* About this task *
In the records below, the lines between the one holding "стабильности психического состояния." and the one holding "会上,李敏副校长宣读了学校关", inclusive, are to be transcribed exactly; no pictures are to be included.

* Input records *
>>>>

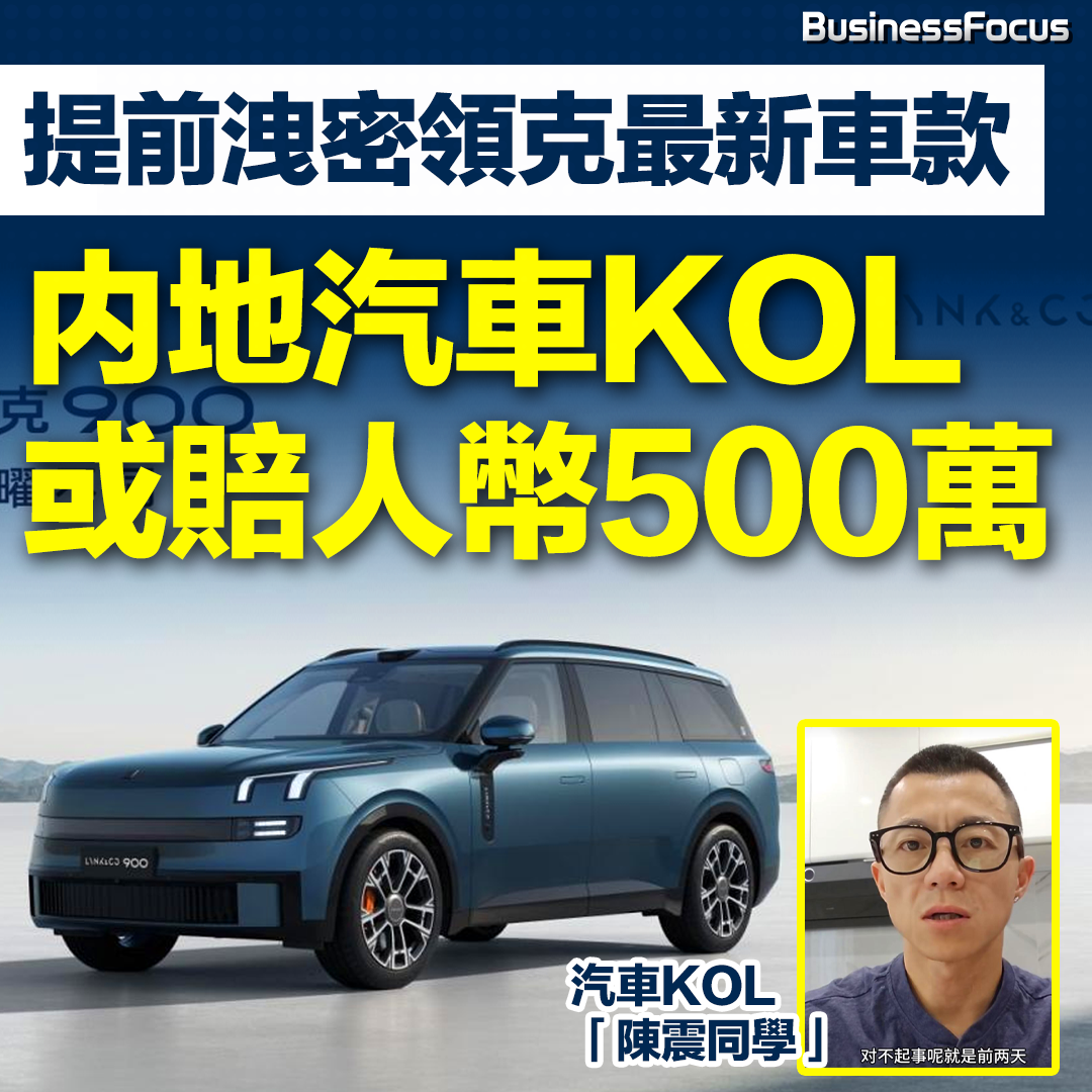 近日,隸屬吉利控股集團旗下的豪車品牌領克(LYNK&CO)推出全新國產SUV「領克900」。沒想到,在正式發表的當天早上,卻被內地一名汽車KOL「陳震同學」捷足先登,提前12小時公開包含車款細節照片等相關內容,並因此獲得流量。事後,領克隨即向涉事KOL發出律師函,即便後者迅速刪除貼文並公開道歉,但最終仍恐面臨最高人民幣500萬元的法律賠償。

<<<<
>>>>

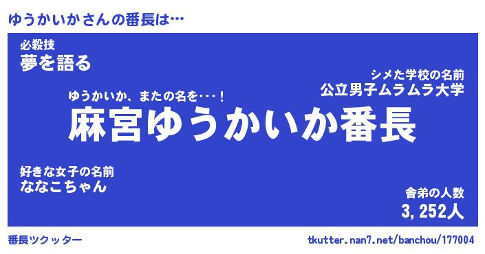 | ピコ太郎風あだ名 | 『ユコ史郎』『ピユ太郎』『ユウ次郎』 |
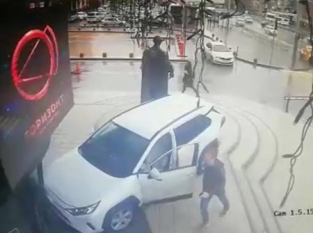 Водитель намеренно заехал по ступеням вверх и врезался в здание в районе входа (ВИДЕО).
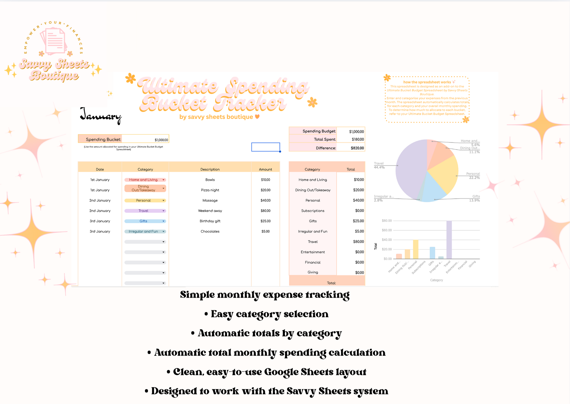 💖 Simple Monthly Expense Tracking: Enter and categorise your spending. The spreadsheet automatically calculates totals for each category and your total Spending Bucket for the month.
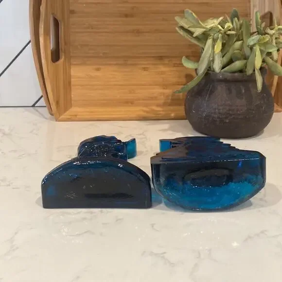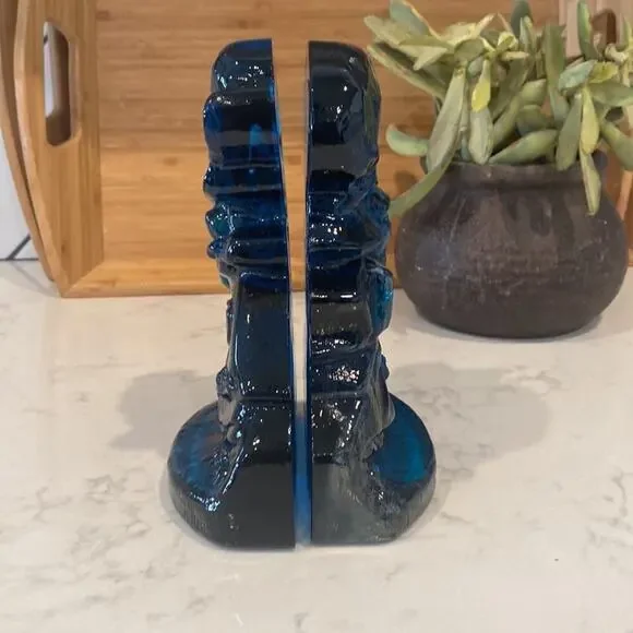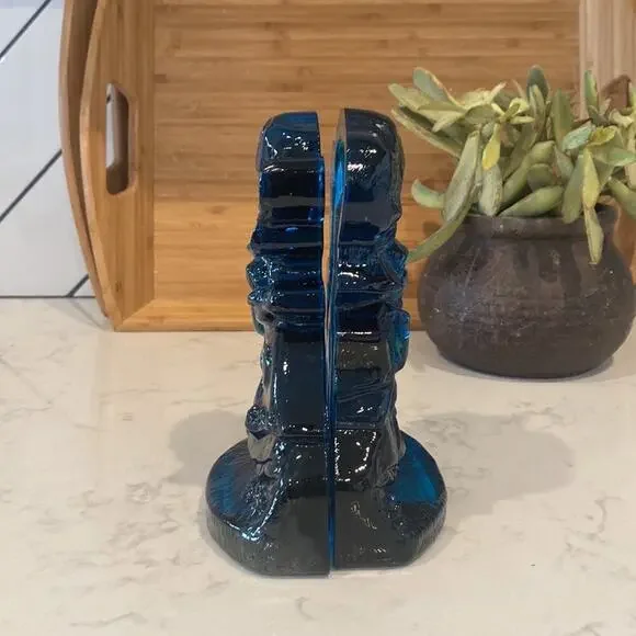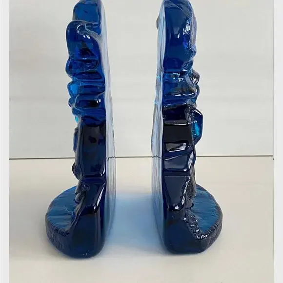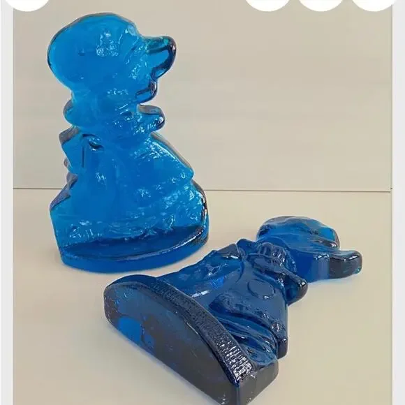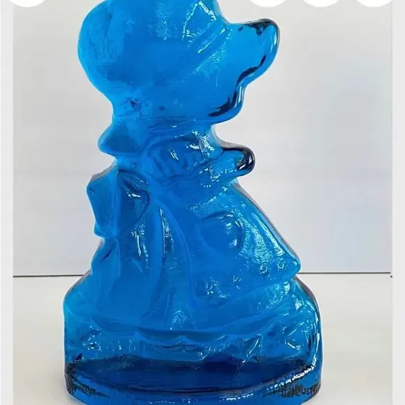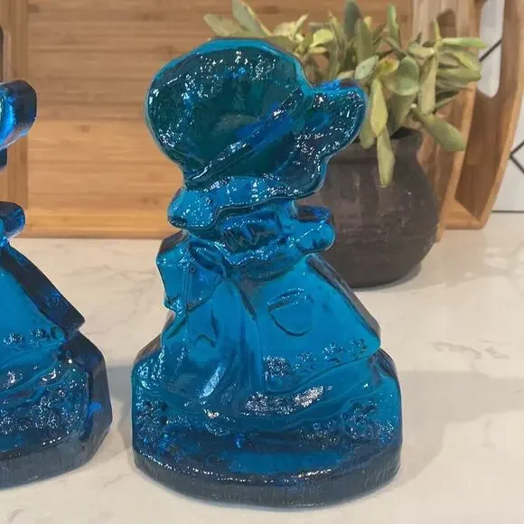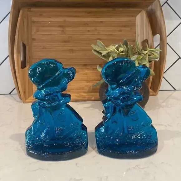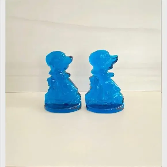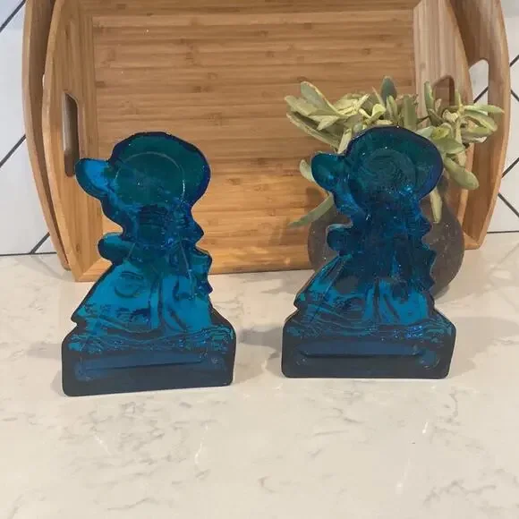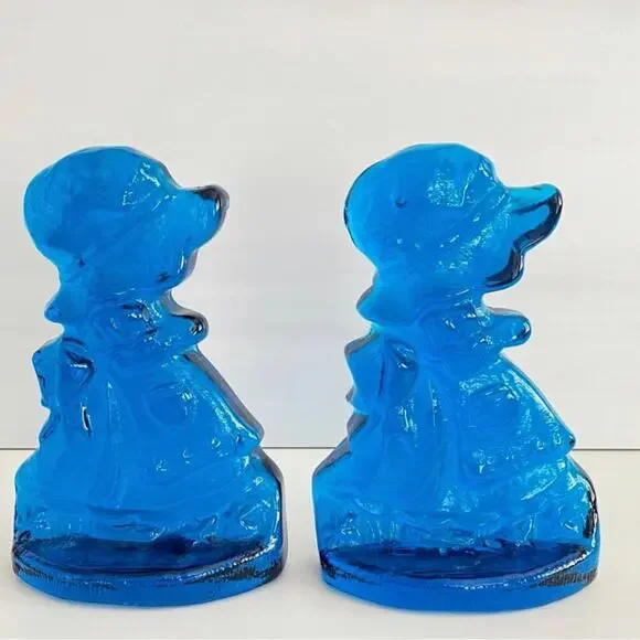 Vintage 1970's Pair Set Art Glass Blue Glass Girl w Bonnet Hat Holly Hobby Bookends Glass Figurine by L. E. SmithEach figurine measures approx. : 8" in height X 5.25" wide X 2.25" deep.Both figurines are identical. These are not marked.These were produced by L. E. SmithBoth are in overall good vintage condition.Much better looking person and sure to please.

<<<<
>>>>

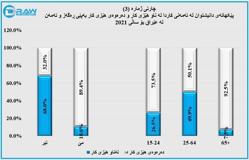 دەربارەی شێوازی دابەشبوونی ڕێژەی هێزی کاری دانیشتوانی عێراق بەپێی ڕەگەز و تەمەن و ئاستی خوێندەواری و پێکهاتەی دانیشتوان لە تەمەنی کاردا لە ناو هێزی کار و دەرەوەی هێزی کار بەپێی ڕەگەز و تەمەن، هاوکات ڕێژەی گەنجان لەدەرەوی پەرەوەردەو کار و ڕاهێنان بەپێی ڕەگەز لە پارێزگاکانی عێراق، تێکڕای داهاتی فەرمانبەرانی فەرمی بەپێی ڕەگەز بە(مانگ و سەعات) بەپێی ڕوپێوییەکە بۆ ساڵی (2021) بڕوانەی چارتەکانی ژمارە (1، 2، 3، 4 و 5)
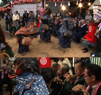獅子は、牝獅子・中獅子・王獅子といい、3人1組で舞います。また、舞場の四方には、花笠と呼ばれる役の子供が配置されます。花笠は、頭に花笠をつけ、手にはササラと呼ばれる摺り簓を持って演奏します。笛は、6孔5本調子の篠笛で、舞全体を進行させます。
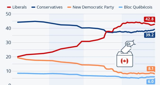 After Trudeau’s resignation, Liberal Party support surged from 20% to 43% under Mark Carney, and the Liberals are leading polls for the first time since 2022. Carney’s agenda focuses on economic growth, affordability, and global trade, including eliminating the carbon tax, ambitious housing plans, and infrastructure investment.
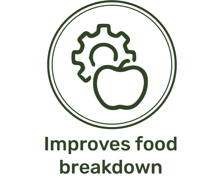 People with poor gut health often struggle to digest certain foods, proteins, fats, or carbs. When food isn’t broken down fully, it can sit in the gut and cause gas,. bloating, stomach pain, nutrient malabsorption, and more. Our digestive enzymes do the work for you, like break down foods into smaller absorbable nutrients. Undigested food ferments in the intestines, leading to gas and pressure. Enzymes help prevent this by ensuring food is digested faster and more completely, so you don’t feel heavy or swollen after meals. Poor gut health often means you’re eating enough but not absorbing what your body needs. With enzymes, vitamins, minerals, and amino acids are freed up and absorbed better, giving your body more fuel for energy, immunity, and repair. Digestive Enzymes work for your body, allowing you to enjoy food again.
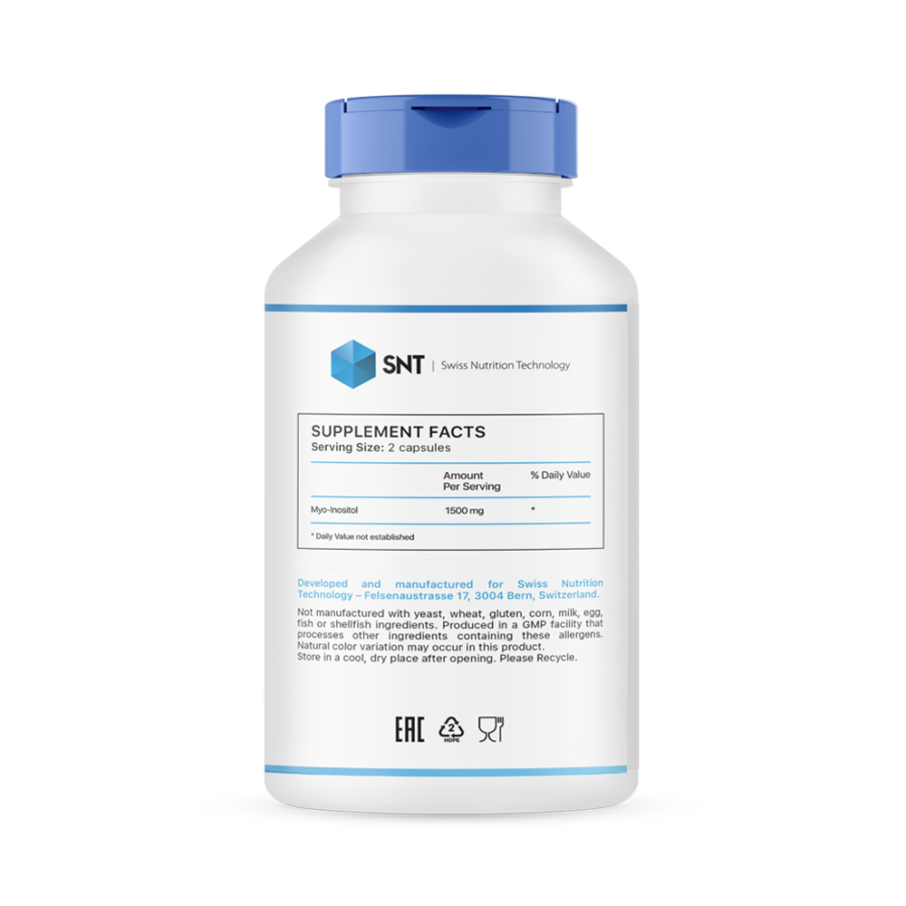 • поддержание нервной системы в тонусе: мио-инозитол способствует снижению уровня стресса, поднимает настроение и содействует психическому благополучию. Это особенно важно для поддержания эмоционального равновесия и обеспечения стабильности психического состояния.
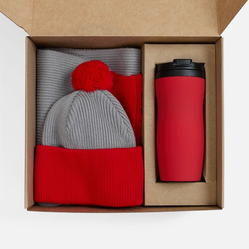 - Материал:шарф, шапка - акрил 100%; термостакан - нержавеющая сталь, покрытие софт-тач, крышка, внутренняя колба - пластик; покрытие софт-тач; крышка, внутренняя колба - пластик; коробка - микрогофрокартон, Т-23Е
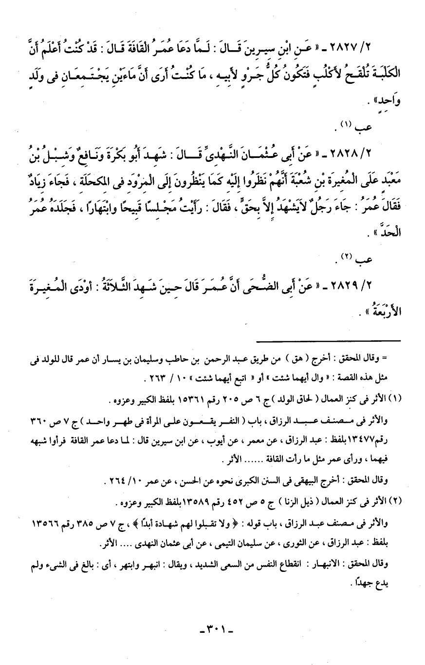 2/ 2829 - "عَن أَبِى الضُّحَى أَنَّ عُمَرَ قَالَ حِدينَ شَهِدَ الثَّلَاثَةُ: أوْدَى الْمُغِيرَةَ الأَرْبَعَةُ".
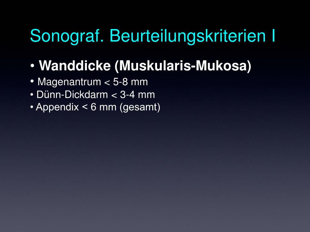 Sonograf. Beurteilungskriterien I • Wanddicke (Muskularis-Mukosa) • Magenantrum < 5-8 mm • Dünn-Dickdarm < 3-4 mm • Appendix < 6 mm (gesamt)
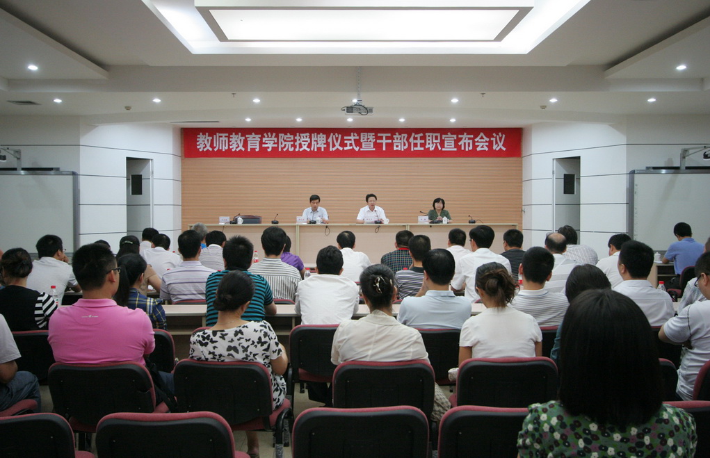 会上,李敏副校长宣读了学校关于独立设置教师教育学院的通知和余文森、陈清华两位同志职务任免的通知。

<<<<

* Expected answer *
 • поддержание нервной системы в тонусе: мио-инозитол способствует снижению уровня стресса, поднимает настроение и содействует психическому благополучию. Это особенно важно для поддержания эмоционального равновесия и обеспечения стабильности психического состояния.
 - Материал:шарф, шапка - акрил 100%; термостакан - нержавеющая сталь, покрытие софт-тач, крышка, внутренняя колба - пластик; покрытие софт-тач; крышка, внутренняя колба - пластик; коробка - микрогофрокартон, Т-23Е
 2/ 2829 - "عَن أَبِى الضُّحَى أَنَّ عُمَرَ قَالَ حِدينَ شَهِدَ الثَّلَاثَةُ: أوْدَى الْمُغِيرَةَ الأَرْبَعَةُ".
 Sonograf. Beurteilungskriterien I • Wanddicke (Muskularis-Mukosa) • Magenantrum < 5-8 mm • Dünn-Dickdarm < 3-4 mm • Appendix < 6 mm (gesamt)
 会上,李敏副校长宣读了学校关于独立设置教师教育学院的通知和余文森、陈清华两位同志职务任免的通知。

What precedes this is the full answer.